Rougly, last week we covered the material in sections 9.1 to 9.4, as well as sections 9.8 to 9.11 and section 9.15. This week, we’ll cover the material in sections 9.5 to 9.7, and sections 9.12 to 9.13. Even if a section is not mentioned here, all of chapter 9 is relevant.

3.3 Pre-lab activities

After having watched the lectures on correlation and read the textbook chapters you’ll be in a good position to try these activities. Completing them before you attend your lab session will help you to consolidate your learning and help move through the lab activities more smoothly.

3.3.1 Pre-lab activity 1: Online interactive tutorial to practise your data-wrangling skills

Data comes in lots of different formats.
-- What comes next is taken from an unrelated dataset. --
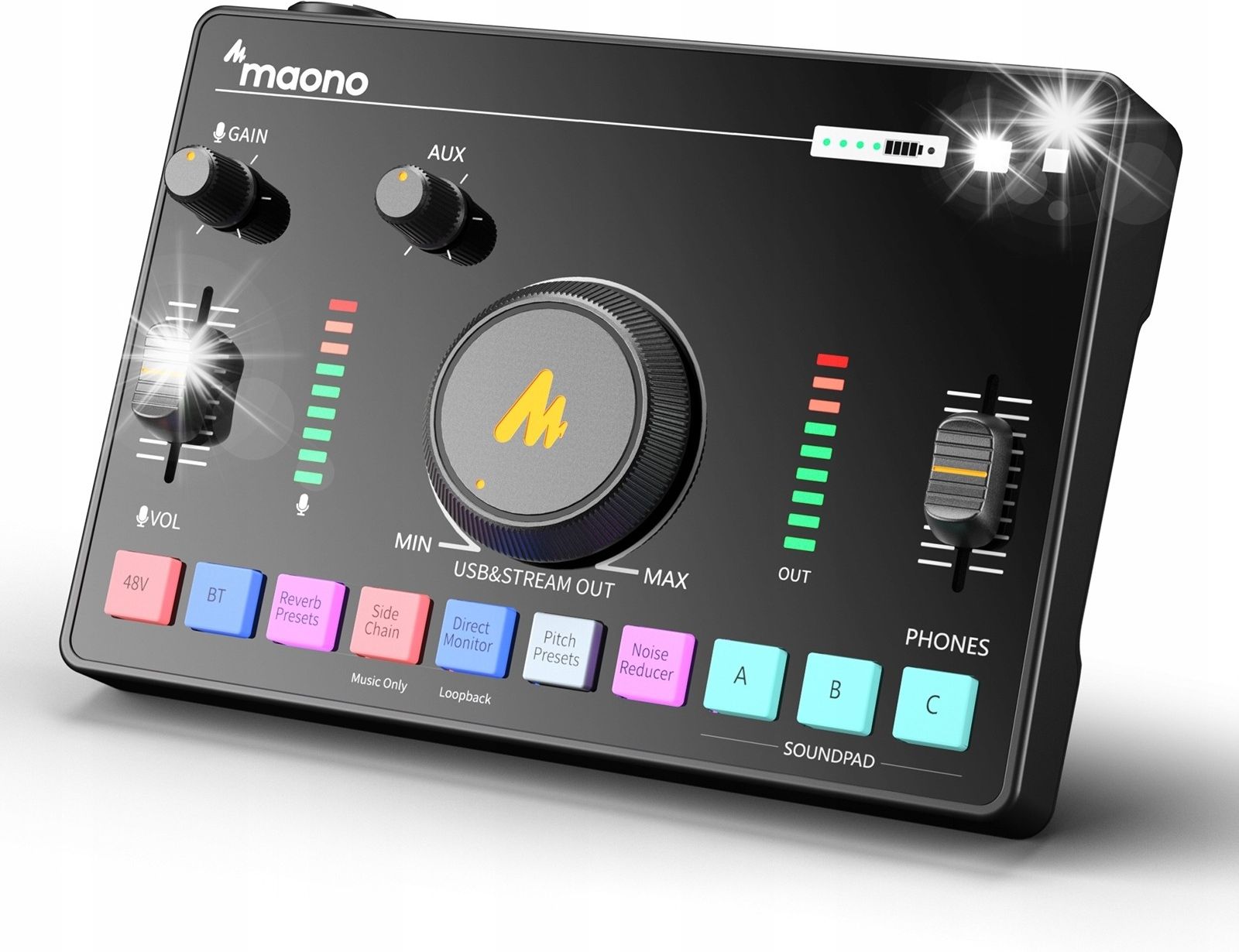 Specyfikacja techniczna Interfejs: XLR Złącza - in: XLR zbalansowany - 1 szt.; Jack 3,5 mm - 1szt.; USB-C - 1 szt. Złącza - out: Jack 3,5 mm - 1 szt. Wbudowany zasilacz Phantom: 48V Odsłuch w czasie rzeczywistym: Direct Monitoring Dodatkowe informacje: Redukcja szumów; Czas pracy na baterii: do 7 h; Wbudowana bateria 1500 mAh; Czas ładowania: 2,5 h; Bluetooth 4.2; Wbudowana karta dźwiękowa Akcesoria w zestawie: 3 x kabel TTRS 3,5 mm; Kabel USB Type-C - USB Type-A Kolor: Czarny Wysokość: 50 mm Szerokość: 185 mm Głębokość: 130 mm Waga: 360 g Kod produktu: MAONO AMC2 Neo Mikser Audio i Karta dźwiękowa | AMC2 Neo | [*(1240397)*] Galeria

One of the most common formats is that of a two-dimensional table (the two dimensions being rows and columns). Usually, each row stands for a separate observation (e.g. a participant), and each column stands for a different variable (e.g. a response, category, or group). A key benefit of tabular data is that it allows you to store different types of data-numerical measurements, alphanumeric labels, categorical descriptors-all in one place.

It may surprise you to learn that scientists actually spend far more of time cleaning and preparing their data than they spend actually analysing it. This means completing tasks such as cleaning up bad values, changing the structure of tables, merging information stored in separate tables, reducing the data down to a subset of observations, and producing data summaries. Some have estimated that up to 80% of time spent on data analysis involves such data preparation tasks (Dasu & Johnson, 2003)!

Many people seem to operate under the assumption that the only option for data cleaning is the painstaking and time-consuming cutting and pasting of data within a spreadsheet program like Excel. We have witnessed students and colleagues waste days, weeks, and even months manually transforming their data in Excel, cutting, copying, and pasting data. Fixing up your data by hand is not only a terrible use of your time, but it is error-prone and not reproducible. Additionally, in this age where we can easily collect massive datasets online, you will not be able to organise, clean, and prepare these by hand.

In short, you will not thrive as a psychologist if you do not learn some key data wrangling skills. Although every dataset presents unique challenges, there are some systematic principles you should follow that will make your analyses easier, less error-prone, more efficient, and more reproducible.

In the online tutorial, you will see how data science skills will allow you to efficiently get answers to nearly any question you might want to ask about your data. By learning how to properly make your computer do the hard and boring work for you, you can focus on the bigger issues.

You’ll be practising the select(), filter(), mutate(), arrange(), group_by() and summarise() functions from the dplyr package.

You’ve used these functions before, but if you’d like to quickly remind yourself what they do, watch the video (~10 min) on Data wrangling: dplyr and pipes. As the title suggests, I also explain in the video what a ‘pipe’ (this thing: %>%) is and you’ll be practising with that as well.

If you’re ready to begin, go to the tutorial linked to below. There is no need to install or download anything. Each tutorial has everything you need to write and run R code, right in the tutorial.

Working with Tibbles Practise how to extract values form a table, subset tables, calculate summary statistics, and derive new variables.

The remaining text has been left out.